We will use AdaBoost to train a digit classifier. The input to the algorithm will be a set of 13x13 grayscale images of digits and their corresponding labels (0 - 9). We will select one of the digits as the positive class ($y_i = +1$) and the rest of the images as the negative class ($y_i = -1$). The task is then to distinguish the selected digit from the rest of the digits.

We are also free to choose the set of weak classifiers, $\mathcal{H}$. For our case, suitable weak classifiers would include Local binary patterns (LBPs), various histogram based features, edge-based features, thresholds, decision trees, etc.
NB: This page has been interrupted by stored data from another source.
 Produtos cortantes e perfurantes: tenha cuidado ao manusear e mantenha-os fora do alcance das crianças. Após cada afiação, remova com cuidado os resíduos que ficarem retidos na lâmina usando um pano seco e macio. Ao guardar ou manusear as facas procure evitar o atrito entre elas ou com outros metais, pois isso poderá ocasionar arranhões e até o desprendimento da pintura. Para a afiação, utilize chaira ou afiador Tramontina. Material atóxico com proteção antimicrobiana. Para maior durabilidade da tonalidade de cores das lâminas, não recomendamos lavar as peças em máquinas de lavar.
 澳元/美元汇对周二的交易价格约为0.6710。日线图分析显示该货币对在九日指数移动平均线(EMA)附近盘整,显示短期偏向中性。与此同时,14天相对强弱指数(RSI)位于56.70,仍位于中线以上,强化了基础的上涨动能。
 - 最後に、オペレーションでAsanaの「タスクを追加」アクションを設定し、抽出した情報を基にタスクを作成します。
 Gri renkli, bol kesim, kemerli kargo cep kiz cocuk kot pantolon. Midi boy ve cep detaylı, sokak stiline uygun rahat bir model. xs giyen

This is the strength of the AdaBoost algorithm -- we are free to choose a variety of weak classifiers and the algorithm determines which ones are useful for the task.
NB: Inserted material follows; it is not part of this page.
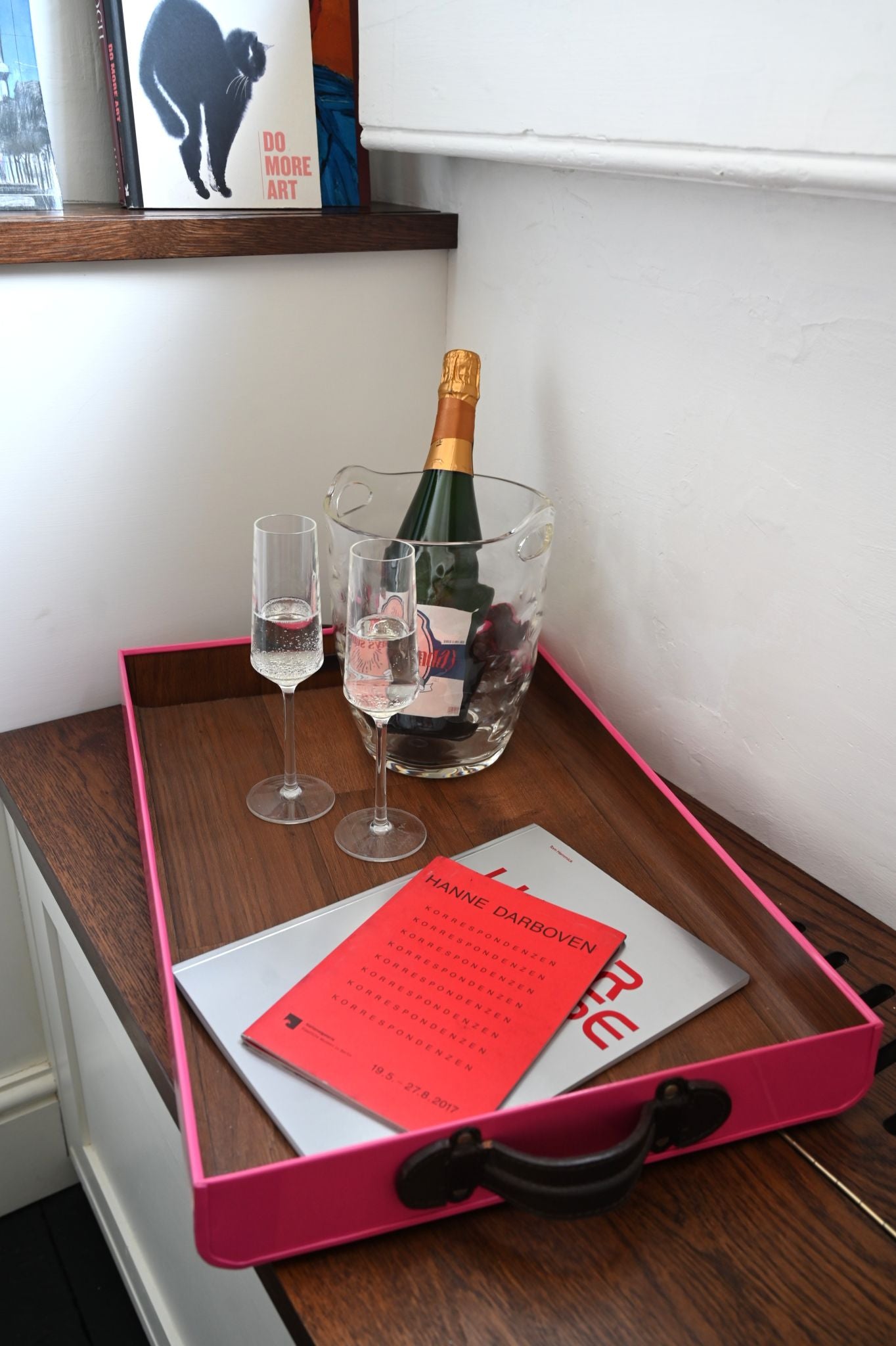 There is no other way to serve breakfast in bed! This large tray is handmade in India by Nappa Dori from sturdy powder coated sheet metal wrapped in a glossy strawberry pink finish, lined with water resistant vinyl to give the appearance of antique wood flooring and finished with metal base studs and supple nappa leather handles for easy carrying.

However, our dataset is rather small and simple, and to see the effects of weak classifiers combination into a stronger one, we will intentionally keep the complexity of the weak classifiers low. Each weak classifier $h_{k}(I; \theta, p)\in\mathcal{H}$ will be based on intensity value $I_k$ of a single pixel $k$ in an image $I$, and will be parametrized by three numbers:

pixel index $k$,
intensity threshold $\theta \in \mathbb{R}$, and
a parity flag $p \in \{+1, -1\}$, indicating whether the positive class intensity is above or below the threshold.

Each such weak classifier takes the image intensity $I_k$ of pixel $k$, compares it with the threshold $\theta$ and determines the class using the parity: $$h_{k}(I; \theta, p) = \text{sign}(p * (I_k - \theta))$$

Note that we have 13 x 13 = 169 weak classifiers which are further parametrised by the threshold and parity. This gives us a large variety of simple weak classifiers. When searching for the best weak classifier in step 1. of the AdaBoost learning algorithm, we are thus searching over $\theta$ and $p$ parameters of each of the 169 classifiers and select the one with the lowest weighted error.

%load_ext autoreload
%autoreload 2
# uncomment following for interactive matplotlib
# %matplotlib notebook

from adaboost import *
import numpy as np
from numpy import testing
import matplotlib.pyplot as plt

AdaBoost training¶

Complete the function strong_classifier, wc_errors, upper_bound = adaboost(X, y, num_steps) so that it implements the AdaBoost training. The function accepts training data X, their labels y, and the number of training steps num_steps. It should return:

strong_classifier - the found strong classifier, in the form of parameters of selected weak classifiers and their combination coefficients $\alpha_t$ (see the code, or the cell with adaboost example output below for its structure),
wc_error - the weighted error of the selected weak classifier selected in each step $t$, and
upper_bound - the training error upper bound $\prod_{s=1}^t Z_s$ for each step $t$.

To find the best weak classifier, use the function find_best_weak(X, y, D) which implements vectorised search for the optimal $\theta$ and $p$.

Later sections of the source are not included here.